Figure 6—figure supplement 1.. Lysotracker randomly distribute on the two sides of the cleavage furrow.

(A,B) Snapshots depict Imaris software reconstructions of typical cells undergoing uneven (A) and even (B) repartition of LTR⁺ (red) lytic granules in division as detected by 4D live-cell imaging. Images are from Figure 6—video 5.

Figure 7.. CTL expressing high level of lytic granules have better killing capability.

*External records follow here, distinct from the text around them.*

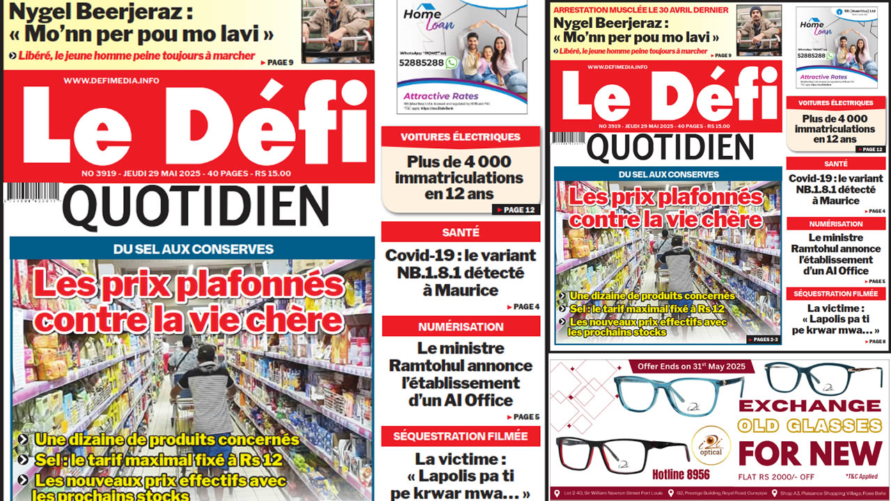 ? Voici la Une du Défi Quotidien. Le journal est en vente à Rs 15 l'exemplaire aux endroits habituels (supermarchés, boutiques, tabagies, superettes). Bonne lecture !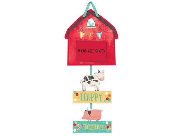The sign features a photo frame designed to look like a red barn, with cute cutouts of a cow and a pig hanging below.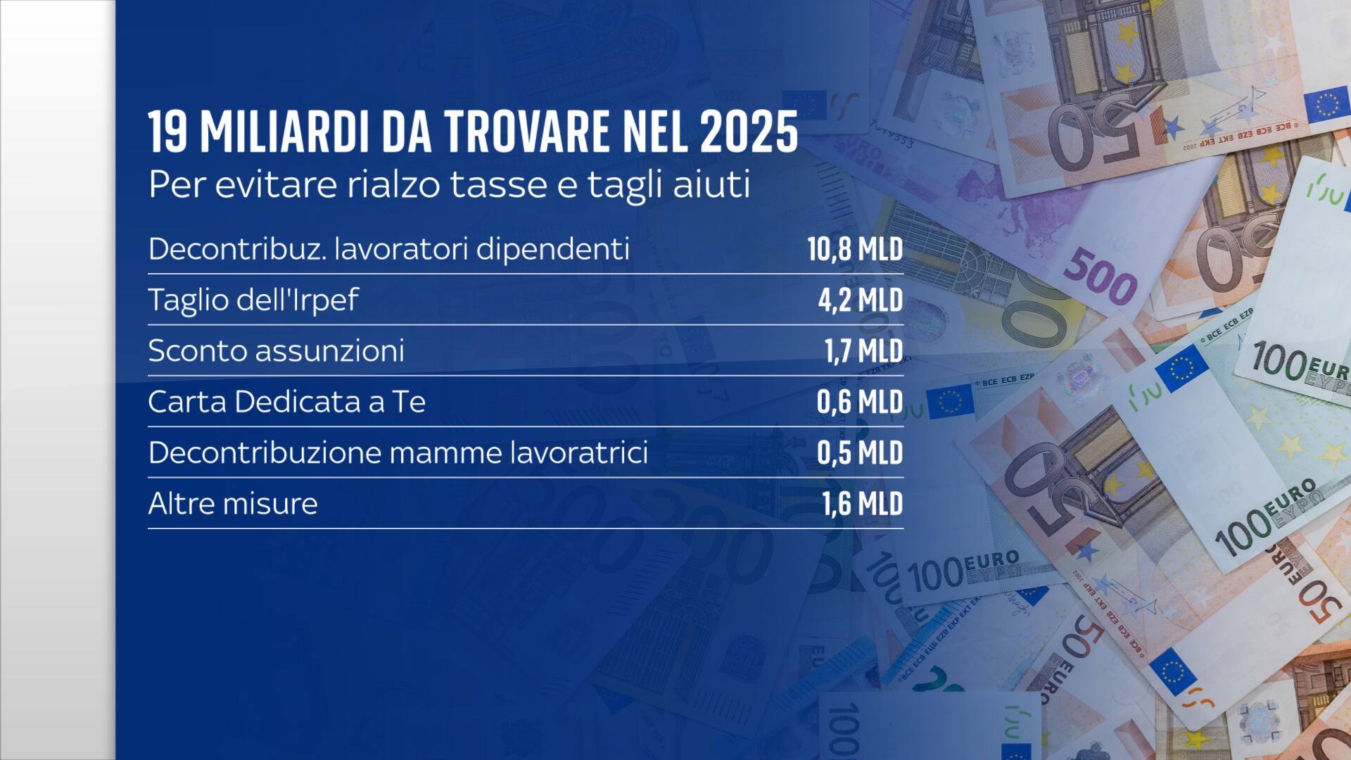 Il tutto in un quadro già complesso, perché servono oltre 19 miliardi se si vogliono rinnovare una serie di aiuti in scadenza molto popolari ed evitare un rialzo delle tasse. In primis, le buste paga dei dipendenti: Palazzo Chigi ha assicurato che ci sono i quasi 11 miliardi per rinnovare il taglio del cosiddetto cuneo fiscale evitando un calo degli stipendi a 14 milioni di lavoratori. Ma nella lista c’è anche la proroga della riduzione dell’Irpef (l’imposta sui redditi), degli sconti per le assunzioni, quello per le mamme lavoratrici con due figli, il contributo per la spesa delle famiglie in difficoltà e la riduzione del canone Rai.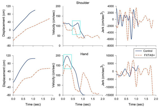 Representative kinematic profiles of the shoulder (top) and hand (bottom) of a 65-year-old patient with FXTAS (dashed orange line) and an age-matched healthy control (solid blue line) when they walked to reach and lift the small box. The FXTAS patient showed a prolonged reaching duration (left), decreased maximum reaching velocity of the shoulder and hand (middle, highlighted in a cyan box), and more oscillatory and jerkier joint movement (right) relative to the control participant. Time series were graphed from the reaching onset to offset. Jerk trajectories are shown in absolute values (cm/s3).

Clonal CTL were FACS sorted on the basis of their LysoTracker Blue staining. (A) Representative FACS histograms showing LysoTracker Blue staining levels on LysoTracker^high and LysoTracker^low sorted CTL at the indicated day (D) after cell sorting. Numbers indicate mean fluorescence intensity. Results are representative of three independent experiments (B,C) LysoTracker^High and LysoTracker^Low CTL-mediated cytotoxicity was evaluated by FACS analysis by measuring 7-AAD uptake in target cells either pulsed or not with antigenic peptide following overnight incubation with CTL at the indicated E/T ratio. (B) Cytotoxicity is expressed as the % of 7-AAD⁺-pulsed target cells minus % of 7-AAD⁺-unpulsed target cells (basal). Results are from three independent experiments. Each dot represents results from one experiment performed in triplicate. Means ± SEM are shown. Paired t-tests were performed, and p-values are indicated. (C) Histograms shown are from one representative experiment. Numbers indicate the percentage of 7-AAD-positive target cells. (D) LysoTracker^High and LysoTracker^Low CTL CD107a exposure after a 4 hr incubation with target cells pulsed or not with antigenic peptide (E/T ratio 0.5:1) was evaluated by FACS analysis. Each dot represents results from four independent experiments performed either in duplicate or triplicate. Means ± SEM are shown. Paired t-tests were performed, and p-values are indicated. (E) CD8 expression in LysoTracker^High and LysoTracker^Low CTL after a 4 hr incubation with target cells pulsed with antigenic peptide (E/T ratio: 0.5:1) was evaluated by FACS analysis. Results are normalized on CD8 MFI level of LysoTracker^High and LysoTracker^Low CTL cultured in the absence of target cells. Each dot represents results from four independent experiments performed either in duplicate or triplicate. Means ± SEM are shown.

Author response image 1.. CD107a fold increase measured by comparing the two nascent daughter cells in individual dividing CD8⁺ T cells (Figure 1A and 2A) and Lysotracker fold increase measured by comparing Lysotracker^high and Lysotracker^low sorted CTL (Figure 7A).

Results are from the indicated figures of the revised manuscript. The red line indicates the 1.5 threshold for asymmetric repartition of CD107a (corresponding to the 40-60% range) between daughter cells. Numbers in blue indicate the percentage of individual telophasic cells exhibiting a CD107a fold increase higher than 1.5.